6100 sayılı HMK’nın 114/1 maddesinin birinci fıkrasında, tüm davalar bakımından geçerlilik taşıyan dava şartlarının neler olduğu hususu açıkça hükme bağlanmış, HMK 114/2 maddesinde ise diğer kanunlarda yer alan dava şartlarına ilişkin hükümlerin saklı olduğu belirtilmiştir.
7155 sayılı Kanun ile 6102 sayılı Türk Ticaret Kanunu’na eklenen ve 01/01/2019 tarihinde yürürlüğe giren 5/A maddesi ile getirilen “Kanunun 4 üncü maddesinde ve diğer kanunlarda belirtilen ticari davalardan, konusu bir miktar paranın ödenmesi olan alacak ve tazminat talepleri hakkında dava açılmadan önce arabulucuya başvurulmuş olması dava şartıdır. ….” hükmü uyarınca konusu bir miktar paranın ödenmesi olan alacak ve tazminat talepleri hakkındaki ticari davalarda dava açmadan önce arabuluculuğa başvurmak zorunlu hale getirilmiş, yani arabuluculuğa başvurmak dava şartı haline getirilmiş bulunmaktadır.

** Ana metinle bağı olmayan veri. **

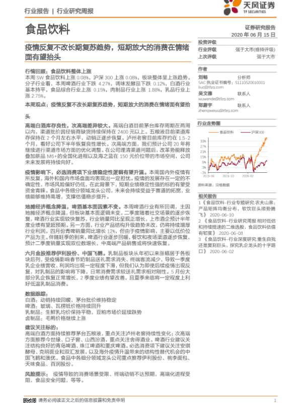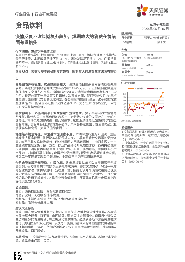 【天风证券】【20200615】20200615-天风证券-食品饮料行业研究周报:疫情反复不改长期复苏趋势,短期放大的消费在情绪面有望抬头-11页

6325 sayılı Hukuk Uyuşmazlıklarında Arabuluculuk Kanunu’nun 18/A-2 maddesindeki “Davacı, arabuluculuk faaliyeti sonunda anlaşmaya varılamadığına ilişkin son tutanağın aslını veya arabulucu tarafından onaylanmış bir örneğini dava dilekçesine eklemek zorundadır. Bu zorunluluğa uyulmaması hâlinde mahkemece davacıya, son tutanağın bir haftalık kesin süre içinde mahkemeye sunulması gerektiği, aksi takdirde davanın usulden reddedileceği ihtarını içeren davetiye gönderilir. İhtarın gereği yerine getirilmez ise dava dilekçesi karşı tarafa tebliğe çıkarılmaksızın davanın usulden reddine karar verilir. Arabulucuya başvurulmadan dava açıldığının anlaşılması hâlinde herhangi bir işlem yapılmaksızın davanın, dava şartı yokluğu sebebiyle usulden reddine karar verilir.” hükmü gereğince arabuluculuğa tabi davalarda dava açılırken, arabulucuya başvurulması ve arabuluculuk faaliyeti sonunda anlaşmaya varılamadığına ilişkin son tutanağın aslının veya arabulucu tarafından onaylanmış bir örneğinin dava dilekçesine eklenmesi gerekir.Arabulucuya başvurulmadan doğrudan dava açıldığının anlaşılması halinde herhangi bir işlem yapılmaksızın davanın, dava şartı yokluğundan usulden reddine karar verilecektir. Öte yandan 6325 sayılı Hukuk Uyuşmazlıklarında Arabuluculuk Kanunu’nun 1/2 m. uyarınca, arabuluculuk, ancak tarafların üzerinde serbestçe tasarruf edebilecekleri iş veya işlemlerden doğan özel hukuk uyuşmazlıklarının çözümlenmesinde uygulanır.
Somut olaya döndüğümüzde, dava, alacak davası olduğu, dolayısıyla işbu davada usulüne uygun arabuluculuğa başvurmuş olmanın dava şartı olduğu ve dava şartının yerine getirilmediği sonuç ve kanaatine varılmış olup, davanın reddine karar verilerek aşağıda yazılı olduğu biçimde hüküm kurulmuştur.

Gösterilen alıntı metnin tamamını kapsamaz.